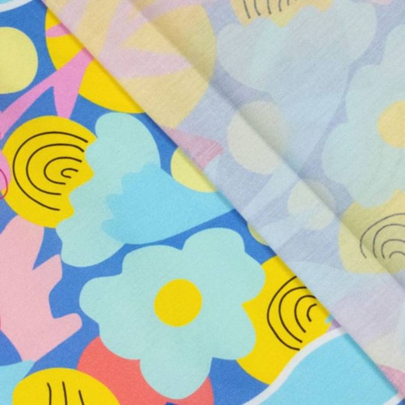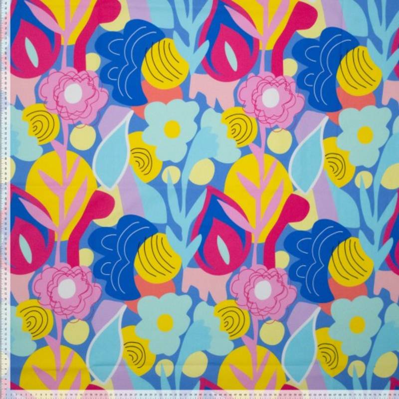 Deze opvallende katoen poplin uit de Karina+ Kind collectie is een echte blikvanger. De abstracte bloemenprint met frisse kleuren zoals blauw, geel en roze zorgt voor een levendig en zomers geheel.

========

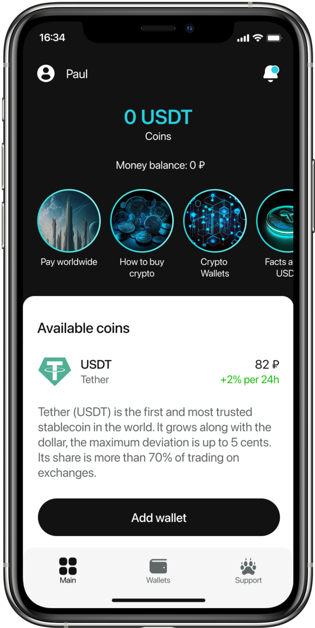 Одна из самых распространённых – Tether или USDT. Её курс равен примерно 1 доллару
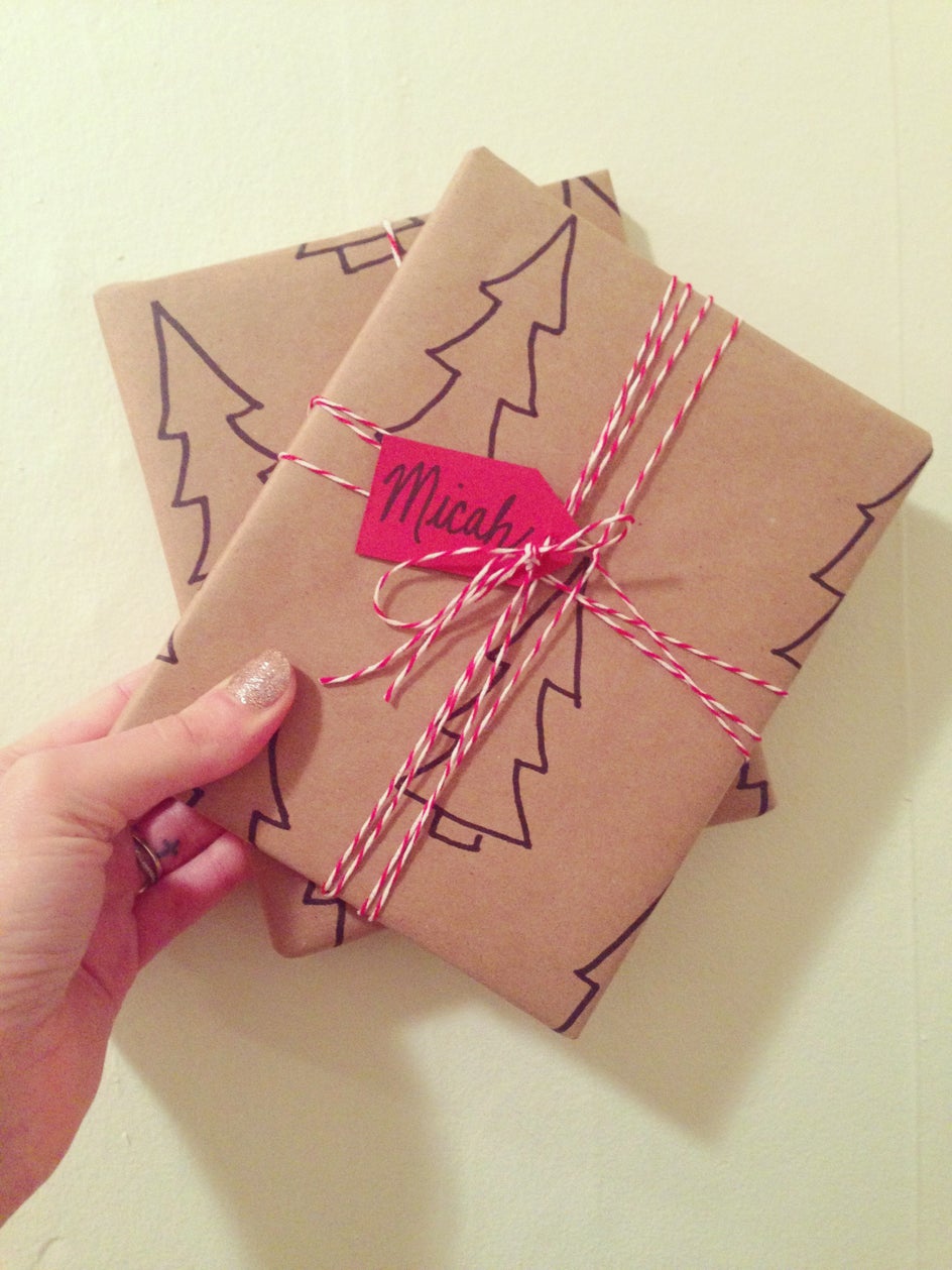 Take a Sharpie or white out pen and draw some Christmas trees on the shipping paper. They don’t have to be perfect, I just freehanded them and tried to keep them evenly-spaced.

========

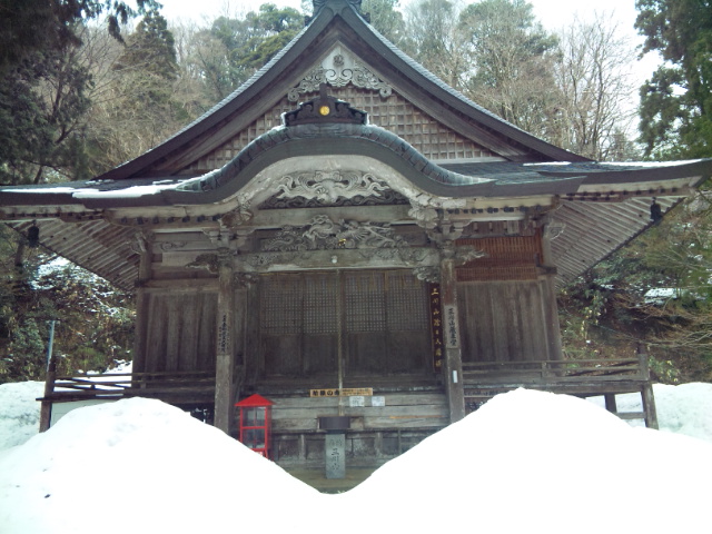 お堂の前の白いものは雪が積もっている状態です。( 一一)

========

# [REQUIRED WORK]
Having found the line with "Одна из самых" and the line with "Take a Sharpie" in the material above, write out exactly those two and every line between, leaving the pictures out.

# [WRITTEN ANSWER]
 Одна из самых распространённых – Tether или USDT. Её курс равен примерно 1 доллару
 Take a Sharpie or white out pen and draw some Christmas trees on the shipping paper. They don’t have to be perfect, I just freehanded them and tried to keep them evenly-spaced.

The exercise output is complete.